**ABOUT THIS EXERCISE**
Among the records below, find the line with "Wzór z liści" and the line with "Защита картера Sheriff". Set down both and every line between, exactly and with no pictures, but nothing else.

**RECORDED INFORMATION**

>>>

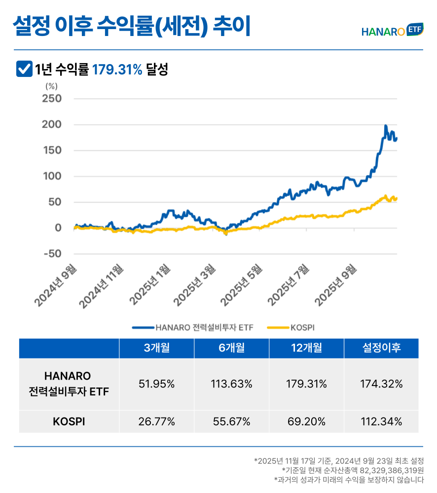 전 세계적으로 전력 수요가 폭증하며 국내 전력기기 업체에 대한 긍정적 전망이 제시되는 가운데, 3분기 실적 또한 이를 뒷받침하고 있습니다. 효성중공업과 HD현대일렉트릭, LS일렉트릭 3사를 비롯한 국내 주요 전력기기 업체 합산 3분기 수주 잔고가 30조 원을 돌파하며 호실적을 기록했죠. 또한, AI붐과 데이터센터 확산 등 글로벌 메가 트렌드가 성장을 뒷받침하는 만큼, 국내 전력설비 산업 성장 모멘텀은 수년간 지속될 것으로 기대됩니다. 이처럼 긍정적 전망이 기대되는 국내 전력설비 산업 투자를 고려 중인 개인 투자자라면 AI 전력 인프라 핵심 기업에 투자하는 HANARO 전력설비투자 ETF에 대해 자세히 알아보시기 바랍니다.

<<<
>>>

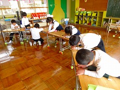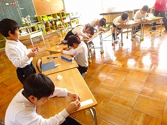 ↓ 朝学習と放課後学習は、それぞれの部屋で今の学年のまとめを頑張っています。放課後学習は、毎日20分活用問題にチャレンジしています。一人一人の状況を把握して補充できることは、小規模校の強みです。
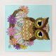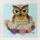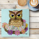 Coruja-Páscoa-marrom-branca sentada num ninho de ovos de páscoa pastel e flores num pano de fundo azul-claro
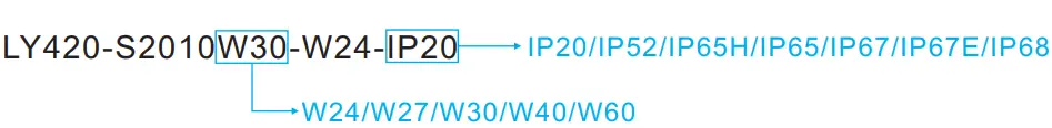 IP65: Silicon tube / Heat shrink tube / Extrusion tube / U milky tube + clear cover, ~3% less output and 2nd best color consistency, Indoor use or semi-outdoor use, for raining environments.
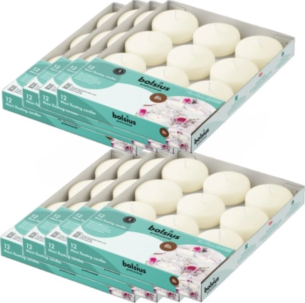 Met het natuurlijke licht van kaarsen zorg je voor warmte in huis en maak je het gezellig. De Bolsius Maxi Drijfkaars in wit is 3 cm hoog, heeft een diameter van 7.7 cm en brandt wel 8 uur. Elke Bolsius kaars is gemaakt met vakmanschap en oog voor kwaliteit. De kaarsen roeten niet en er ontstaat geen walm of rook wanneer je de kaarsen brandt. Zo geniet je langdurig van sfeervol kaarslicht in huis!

<<<
>>>

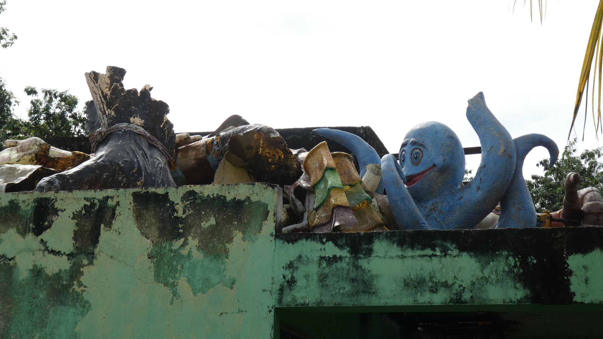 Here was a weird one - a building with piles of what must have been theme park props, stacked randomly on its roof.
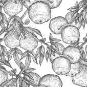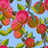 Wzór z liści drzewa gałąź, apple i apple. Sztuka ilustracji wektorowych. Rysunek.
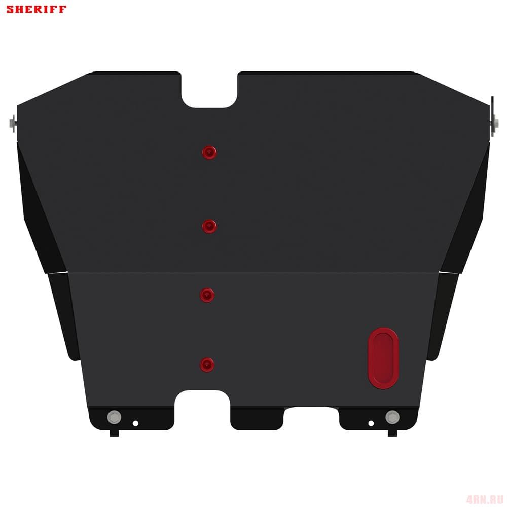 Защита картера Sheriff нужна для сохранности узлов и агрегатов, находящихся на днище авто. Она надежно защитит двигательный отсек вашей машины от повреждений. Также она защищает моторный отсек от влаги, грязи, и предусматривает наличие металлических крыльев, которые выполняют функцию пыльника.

<<<

**OUTPUT FOR THIS EXERCISE**
 Wzór z liści drzewa gałąź, apple i apple. Sztuka ilustracji wektorowych. Rysunek.
 Защита картера Sheriff нужна для сохранности узлов и агрегатов, находящихся на днище авто. Она надежно защитит двигательный отсек вашей машины от повреждений. Также она защищает моторный отсек от влаги, грязи, и предусматривает наличие металлических крыльев, которые выполняют функцию пыльника.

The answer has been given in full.